Shame, shame, shame. If there were, incredibly, any lingering doubts left about just how low John McCain will go if he thinks it will increase his chances of winning the Republican nomination for president, I should think that this compromise bill on the meaning of the Geneva Conventions should go a long way to proving that there are, in fact, no depths Senator McCain will not plumb, and no principles he will not speedily abandon, if they gain him even a perceived political advantage.
If anyone should have had the balls of brass to stand foursquare against the use of torture in any circumstance, it should have been McCain, who knows from first-hand experience exactly what torture is like. And then there's the fact that he and Colin Powell and Lindsey Graham and the other opponents of the White House's imperialist fantasy were absolutely, 100% within the right. They should have had the courage of their convictions and stuck to their guns.
They did not. And unless we can inject some stiffness into an awful lot of Democratic spines, I'm afraid that our side will not, either. And that would be a truly awful outcome.
As I've already written to both of my senators, there can be only one moral, reasonable, rational, legal--and, I would argue, American--position on torture. That is that it is never permissible in any circumstances. No Congress, and certainly no imperial president with delusions of adequacy, can legislate or decree that it is permissible.
And I think that's a position that Democrats in Congress and elsewhere can--and should--get behind. Firstly because it's the right position to take, and everybody knows that. Secondly, because it forces the preznit and the Republicans into the very uncomfortable position of having to go on record as defending something that every decent human being abhors and which every civilized government has forsworn. Just let the Boy Who Would Be King go on national television and try to make a case for why torture should be legal, and the Democrats will win back both houses of Congress in 46 days in a landslide.
I am very sorry, but I cannot agree with the Senate Minority Leader, Harry Reid, whom the Times quotes as saying "Five years after Sept. 11, it is time to make the tough and smart decisions to give the American people the real security they deserve," that the compromise bill that will shortly come before the Senate is either a tough or a smart decision. And there's no way on God's earth that he or anyone else short of Jesus Christ himself will be able to convince me that the bill, if it were to become law (ὃ μὴ γένοιτο!), will do anything substantive to give Americans the real security that we deserve, but which the Bush White House and the Republican Rubber-Stamp Congress have done absolutely everything in their power to deny us these last six years and more.
Here, too, Senator McCain and his supporters had it right the first time. Once we've opened this door, we can no longer control who or what goes through it, or the direction in which the traffic moves. If we walk through it ourselves, there is bugger all that we can do to keep our enemies from following in our footsteps. That's not a place that any patriotic (or rational) American citizen should want to go.

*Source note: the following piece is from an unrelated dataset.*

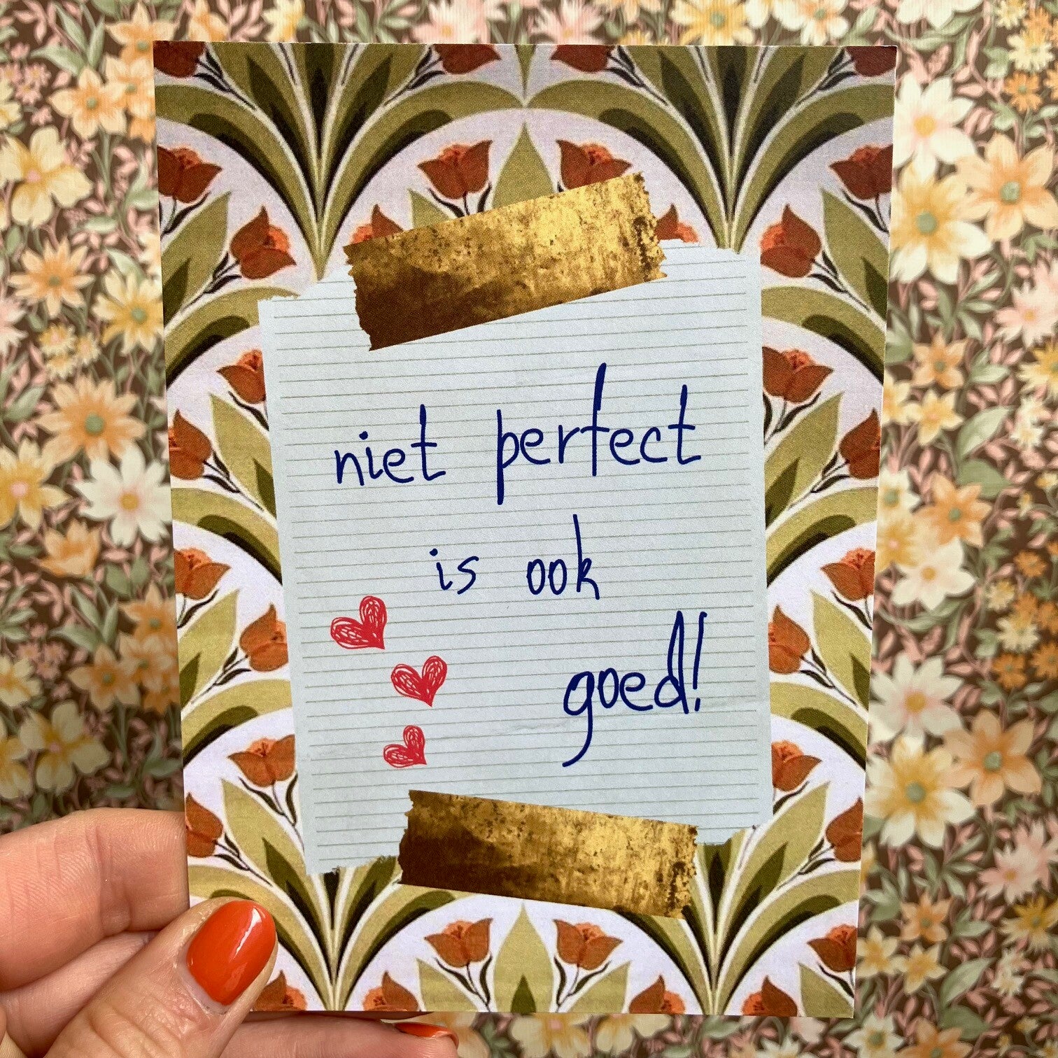 Leuke postkaart met de tekst "Niet perfect is ook goed". De kaart met een vintage behangetje als achtergrond heeft een matte uitstraling.A6 formaat400 grams ongestreken papier

My father served in the Army during the Vietnam War. Many of my cousins served, as my stepfather did, in the Second World War. Members of my family have been fighting this country's wars all the way back to the Revolution itself. What this bill says, in effect, is that the Bush White House and at least the Rubber-Stamp Republicans in Congress think it's OK for our enemies to torture my father, or any of my other relatives who have ever worn the uniform of our armed forces. Happily, that is no longer physically possible in the case of my family members. But what about the husbands, wives, children, parents, sweethearts, and friends of those hundreds of thousands of men and women currently wearing that uniform? Should not we--and especially John McCain--be doing absolutely everything within our power to see to it that they are never, ever put into the unhappy position of learning just what it was like for McCain in the torture rooms of the Hanoi Hilton all those years ago?
And so, again, I say shame on you, Senator McCain. Shame on you, Senator Graham. Shame on you, Mr. Preznit, you vacuous, toffee-nosed, malodorous pervert, you. And shame on the Senate Democrats if they let this execrable piece of legislation pass and be presented to the Boy Who Would Be King for his signature. Torture is not an American value. In fact, it's not a value of any kind. We should have nothing to do with it except to condemn it in the strongest possible terms whenever it is proposed, and to punish those who practice it to the fullest extent of the law. At least that's what a real American patriot would do. I can't speak for the part-time patridiots whose concerns seem to run only as deep as the cheap, made-in-Chinese-sweatshop magnets and crappy American flag decals they plaster all over their gas-guzzling SUVs.